Why you need to forget the “t”

105I have a confession.

I am still very attached to Mariners Mission Viejo Church—the church my husband and I planted four and a half years ago.

(My husband doesn’t work there anymore—he’s back pastoring at the main campus again)

But I miss it—the sounds, the smells, the AMAZING peeps.

When my husband is out of town, like he was this week, I take the kids and we sneak back in to our old home away from home and CHILLAX.  No pressure here.  I’m not the pastor’s wife–just Sam.

I also keep up with MMV.  I do a Bible Study here and read the Compass newsletter that lead Pastor Jeff Maguire sends out.

Last week, he made a comment at the end of his letter that had me in stitches.

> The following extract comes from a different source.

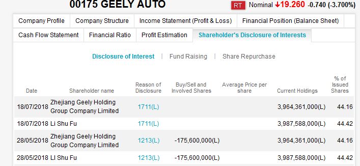 Alter Falter, jetzt schiebt Herr Li schon wieder vorsorglich seine Geely-Aktien in den Konzern zurück, hat wohl jetzt auch zunehmend bammel, dass alles zusammenbricht
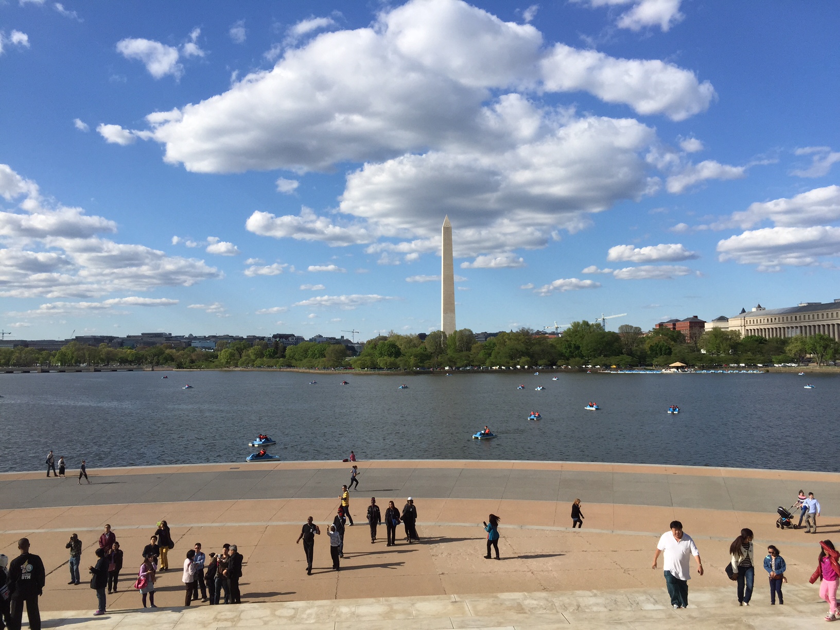 From the steps of the Jefferson Memorial, across the Tidal Basin full of paddle boats, you can see the White House through the trees to the left of the Washington Monument.

Jeff was referencing how he responds to people when they ask how the service went on Sunday.

And in the newsletter he responds—if everything went well—“I was good.”

I stopped and read it again.


It’s not really something Jeff would say.  He’s a pretty humble guy.  More of a foot washing type than a kiss my butt kind of guy.

But he’s also ridiculously funny.

At a wedding once, an old lady asked me if he was a professional dancer or a comedienne.

“No Mam, that’s the pastor.”

Yep, he’s That FUNNY.

So, when I read his words, I figured he was being a bit of a smart ass.

But at service this week, he shared it was a typo.  What he meant to say was: “It was good.”

One little “t” makes all the difference between perceived arrogance and humility.

Seriously, I don’t even know how many people actually read the church newsletter.

But I imagine Jeff’s blood pressure probably shot up.

Because mine would have.

My people pleasing personality (that I rebel against with everything I’ve got) would be freaking out!

I would pray and beat my chest and wail, “Why God? Why?”

I would head to the beach and stick my head in the sand.  I’d be embarrassed.

At least for a day or two until everyone forgot my doofus move.

But I’ve thought about it some more and maybe saying “I was good” isn’t the worst thing ever.

What if it was ok to own that that our God does awesome things through us on occasion?

If the definition of true humility is: knowing who we are in light of Christ, then we must acknowledge that a Good God uses us (broken, lame, normal people) to accomplish his good works.

Marianne Williamson writes, “Our deepest fear is not that we are inadequate. Our deepest fear is that we are powerful beyond measure. It is our light, not our darkness that most frightens us. We ask ourselves, Who am I to be brilliant, gorgeous, talented, fabulous? Actually, who are you not to be? You are a child of God. Your playing small does not serve the world…We were born to make manifest the glory of God that is within us. It’s not just in some of us; it’s in everyone. And as we let our own light shine, we unconsciously give other people permission to do the same.”

Pastor Jeff, I think you are pretty good! Maybe, really good! In fact, I think most people would agree with me who go to MMV that you are a great pastor.

Not perfect, but pretty dang good.

So, don’t worry about the typo.

Maybe God simply wanted you to know how much he loves you.

Maybe he wants us to know its ok to be a little good.

Not “Good” like a Holy and Perfect God Good, but good because of God within us good.

Jeff, what if God was using you—as a catalyst perhaps—for the rest of us who are struggling and insecure about our gifts and image in light of God?

What if someone looked in the mirror because of your typo and said, “I could do something good for the Kingdom of God too.  I am an image bearer.  I won’t let my fear define me.  Maybe I have some good to offer the world if my faith is bigger than my insecurity!”

(I might be stretching here, but roll with my point)

So cheers to the typo. I think we all need to forget the “t” on occasion and remember who we really are.

A little good, a lot broken, and loved by a big God.